Ear infection epidemic in dogs
Ear infections are amongst the most common skin problems we face as veterinarians in day to day practice. There isn’t a day that goes by where a pet owner doesn’t present a dog to us with signs of ear inflammation and infection. Common signs of an ear infection include a waxy ear with discharge from brown to a more pus-like yellow and green. Usually there is also an unpleasant odor along with redness of the ear flaps. Many dogs will shake their head frequently and/or scratch or rub excessively at the affected ears. The problem can be seen in one or both ears, and in many pets other signs of skin disease can be present. These signs may include excessive feet licking, trunk itching, hot spots, and various skin eruptions.
Ear inflammation and infections can be caused by foreign materials getting into the ears or excessive moisture, as seen in dogs that swim a lot. Ear infections are most commonly caused by a pet having an allergic reaction to inhalants or coming into contact with something, or hormonal disorders like hypothyroidism in dogs. Those pets with long floppy ears such as Cocker Spaniels and other breeds with similar anatomy can often perpetuate these primary causes because of inadequate air or ventilation to the ear canals.
If pets suffer from chronic ear inflammations/infections over time, the external canals will often become thick with scar tissue, and/or the problem can spread to the middle or inner ear causing hearing difficulties and deafness. In advanced cases, even surgery of the ear canals is sometimes needed. Although prescription ear medications may help the infection over a short period, the problem will likely recur again leading to increased patient discomfort and guardian dissatisfaction. That’s why it’s so important to address with your veterinarian the underlying causes of an ear infection before such severe pathology develops.

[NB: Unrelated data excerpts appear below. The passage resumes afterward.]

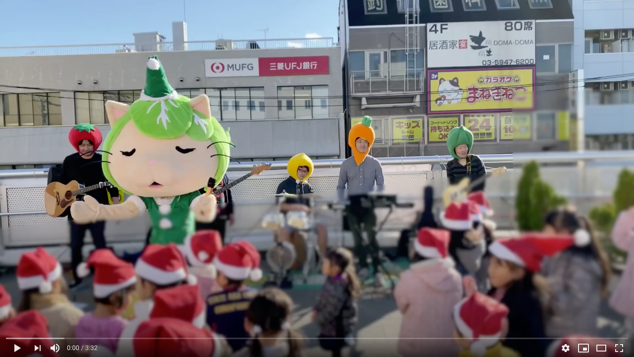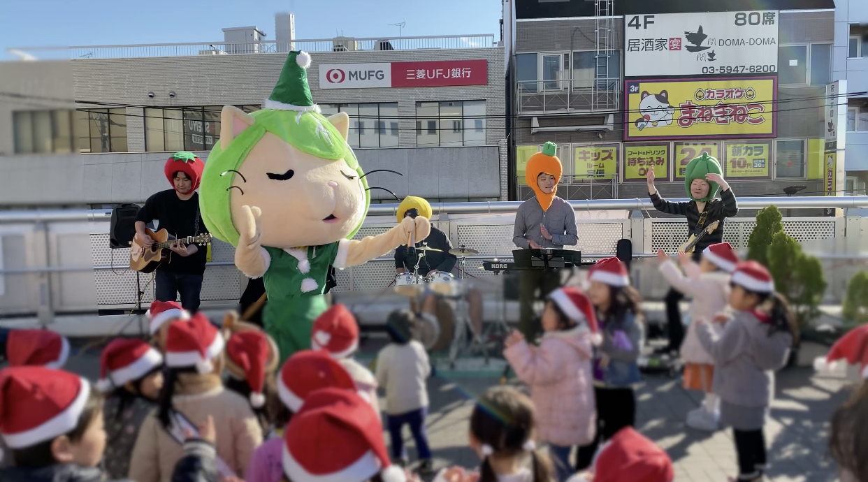 ミックスベジタブルというお野菜メンバーと一緒に子ども向けの歌を演奏しているにゃべ
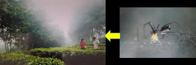 虫害是农业生产中一大问题,采用生命群落结构调控技术,把茶园组建成“茶蛛蝉生命群落”(图4),结果,为了防治茶园最大害虫小绿叶蝉,每年需打农药十几次的茶园传统管理,通过人工生命群落构建,改变成了几十年不打一次农药的《茶-蛛-蝉》生命群落茶园,找到了生命群落结构调控技术防治虫害的可行性。
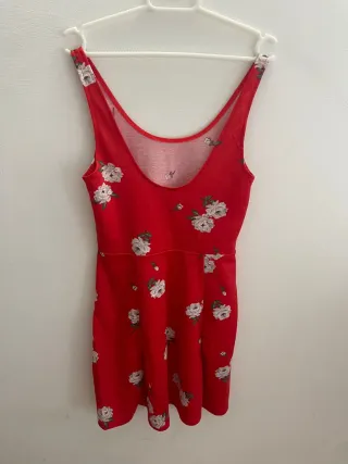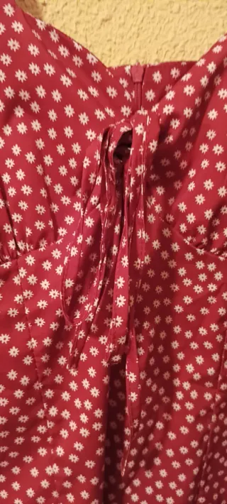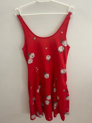 Vestido de tirantes con un estampado floral. - Diseño de tirantes. - Estampado de flores blancas sobre fondo rojo.
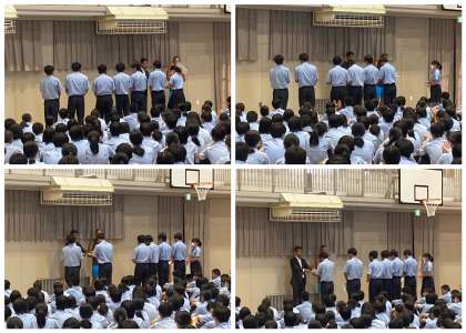 2つ目は、住之江中学校の生徒は、挨拶がきっちりとできますね。と、来校者からよくお褒めの言葉を言われます。そこからさらにステップアップしてください。挨拶をする時には、相手の眼を見て、自分から先に声を出すことを心掛けて欲しいです。と、いうお話がありました。
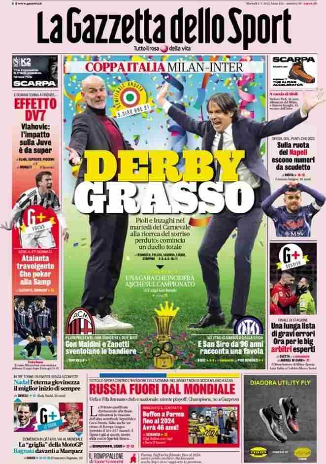I titoli principali sulla prima pagina del quotidiano sportivo, La Gazzetta dello Sport
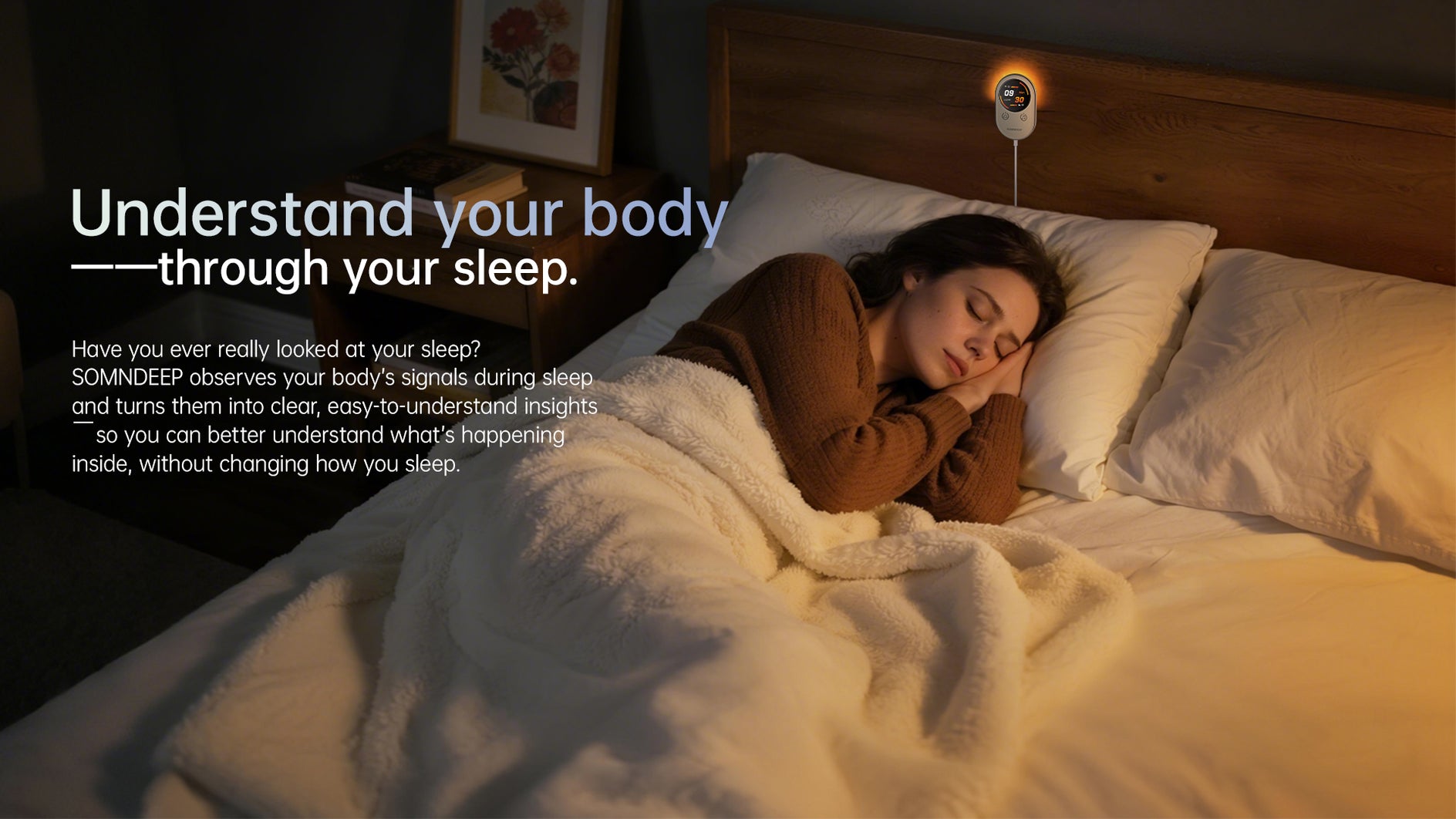 Physiological signals are most stable and meaningful when the body is at rest. By focusing on sleep, SOMNDEEP continuously observes key nighttime indicators and turns them into clear, relevant insights — not scattered or overwhelming data.
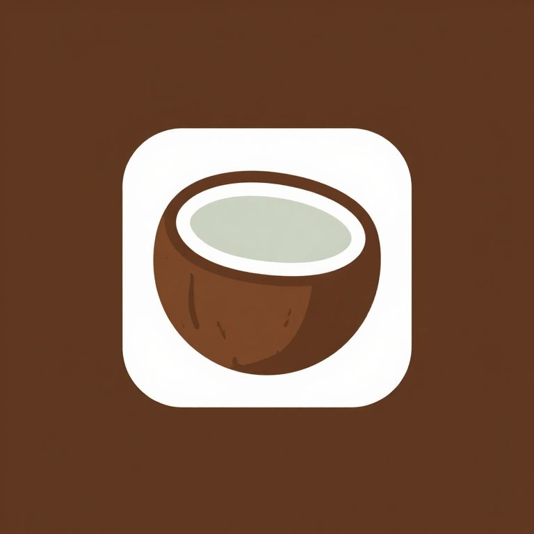 Outline logo for app store, coconut inspired but not obvious, minimalist style, brown, white, green,
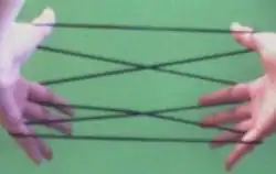 Voir ici trois figures inventées par Yukio Shishido (X, Haxagram, Pentagram) : String Figures - ↑ « Les jeux de ficelle : aspects culturels et cognitifs d'une pratique à caractère mathématique »
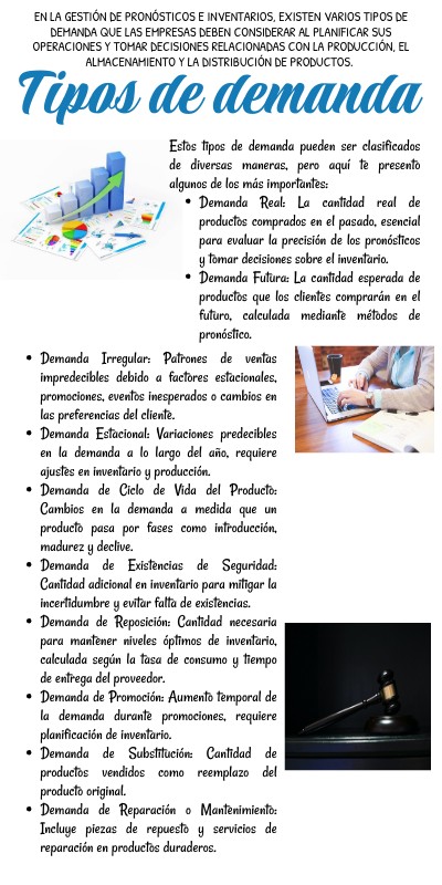En la gestión de pronósticos e inventarios, existen varios tipos de demanda que las empresas deben considerar al planificar sus operaciones y tomar decisiones relacionadas con la producción, el almacenamiento y la distribución de productos.

There are many excellent over the counter products available that can help animal guardians minimize ear infections through the use of newer and more effective ear cleaners such as MalAcetic Otic or MalAcetic Ultra, both which can be wonderful preventatives and treatments for dogs afflicted with yeast or bacterial infections of the ear canals. Epi-Otic Advanced is also another wonderful ear cleaner that I’ve had great success with in practice. And while some pets will require prescription topical antibiotic/cortisone medications like Otomax and Mometamax, I’ve found the natural enzymatic products called Zymox Otic and Zymox Otic HC to sometimes be as effective as prescription medications. Plus, these pet medications do not have the long term risks and side effects of antibiotic resistance seen when prescription topical medicines are overused.